RECORDS PROVIDED:
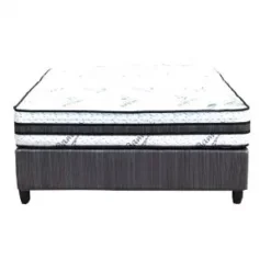 Locally manufactured queen bed base suits all bedroom styles with dark grey fabric on the side.
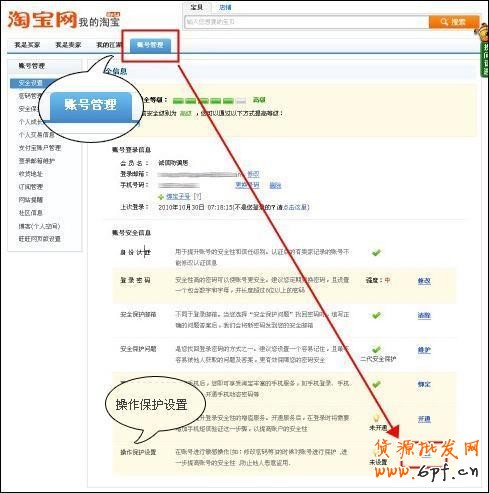 1、登錄“我的淘寶”—“賬號(hào)管理”,拉到頁(yè)面最下面的“操作保護(hù)設(shè)置”,點(diǎn)擊“設(shè)置”按鈕:
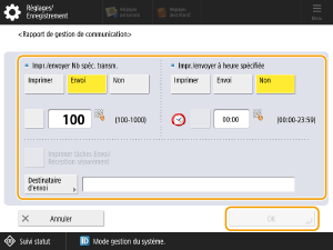 Si <Afficher le journal des tâches> dans <Réglages de gestion> est réglé sur <Non>, vous ne pouvez pas configurer les réglages de rapport de gestion des communications. De plus, si pour <Afficher le journal des tâches> dans <Réglages de gestion>, vous remplacez <Non> par <Oui>, les options <Impr./envoyer Nb spéc. transm.> et <Impr./envoyer à heure spécifiée> pour les rapports de gestion des communications sont automatiquement réglées sur <Non>.
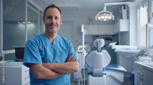 © Marta B, Obraz premium The dentist in blue uniform
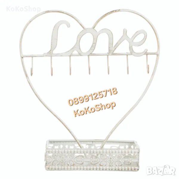 Метална стойка за бижута, с формата на сърце.
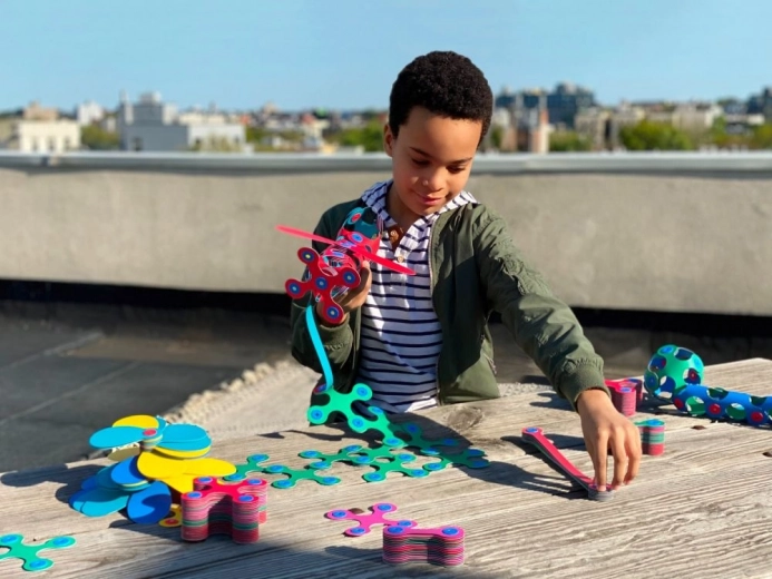 Az egyedülálló, szabadalmaztatott rendszer 360°-os elfordulást és 24 pozícióban való rögzítést tesz lehetővé a stabil szerkezetekért. Az elemek vízállók, könnyűek és biztonságosak (BPA- és ftalátmentesek), alkalmasak kreatív játékra, a koncentráció fejlesztésére és STEAM tanulásra otthon vagy óvodában. Az inspirációkat tartalmazó útmutató a csomag része, további ötletek online elérhetők.
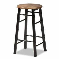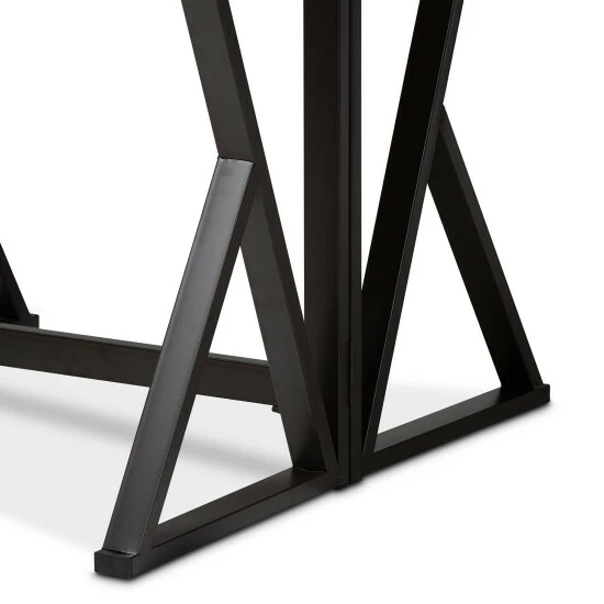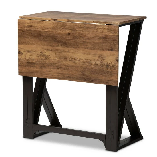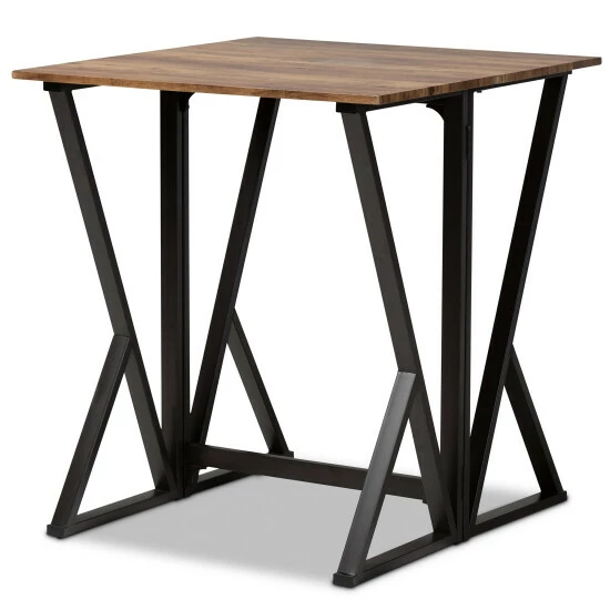 Add rustic charm to any home bar or lounge with the Richard pub set. Made in China, this set includes four bar stools and one pub table. Walnut finished wood is paired with black metal to give each piece cool, industrial appeal. Designed with style and versatility in mind, the table features a striking geometric frame, as well as an extension that can be swiftly folded down when not in use. Ergonomic footrests are fitted onto each stool to provide a comfortable dining experience. Requiring assembly, the Richard pub set is the prime choice for creating a cozy, casual dining space..

PROBLEM: Each record above needs to be copied exactly, with images left out.

FINAL ANSWER:
 Locally manufactured queen bed base suits all bedroom styles with dark grey fabric on the side.
 1、登錄“我的淘寶”—“賬號(hào)管理”,拉到頁(yè)面最下面的“操作保護(hù)設(shè)置”,點(diǎn)擊“設(shè)置”按鈕:
 Si <Afficher le journal des tâches> dans <Réglages de gestion> est réglé sur <Non>, vous ne pouvez pas configurer les réglages de rapport de gestion des communications. De plus, si pour <Afficher le journal des tâches> dans <Réglages de gestion>, vous remplacez <Non> par <Oui>, les options <Impr./envoyer Nb spéc. transm.> et <Impr./envoyer à heure spécifiée> pour les rapports de gestion des communications sont automatiquement réglées sur <Non>.
 © Marta B, Obraz premium The dentist in blue uniform
 Метална стойка за бижута, с формата на сърце.
 Az egyedülálló, szabadalmaztatott rendszer 360°-os elfordulást és 24 pozícióban való rögzítést tesz lehetővé a stabil szerkezetekért. Az elemek vízállók, könnyűek és biztonságosak (BPA- és ftalátmentesek), alkalmasak kreatív játékra, a koncentráció fejlesztésére és STEAM tanulásra otthon vagy óvodában. Az inspirációkat tartalmazó útmutató a csomag része, további ötletek online elérhetők.
 Add rustic charm to any home bar or lounge with the Richard pub set. Made in China, this set includes four bar stools and one pub table. Walnut finished wood is paired with black metal to give each piece cool, industrial appeal. Designed with style and versatility in mind, the table features a striking geometric frame, as well as an extension that can be swiftly folded down when not in use. Ergonomic footrests are fitted onto each stool to provide a comfortable dining experience. Requiring assembly, the Richard pub set is the prime choice for creating a cozy, casual dining space..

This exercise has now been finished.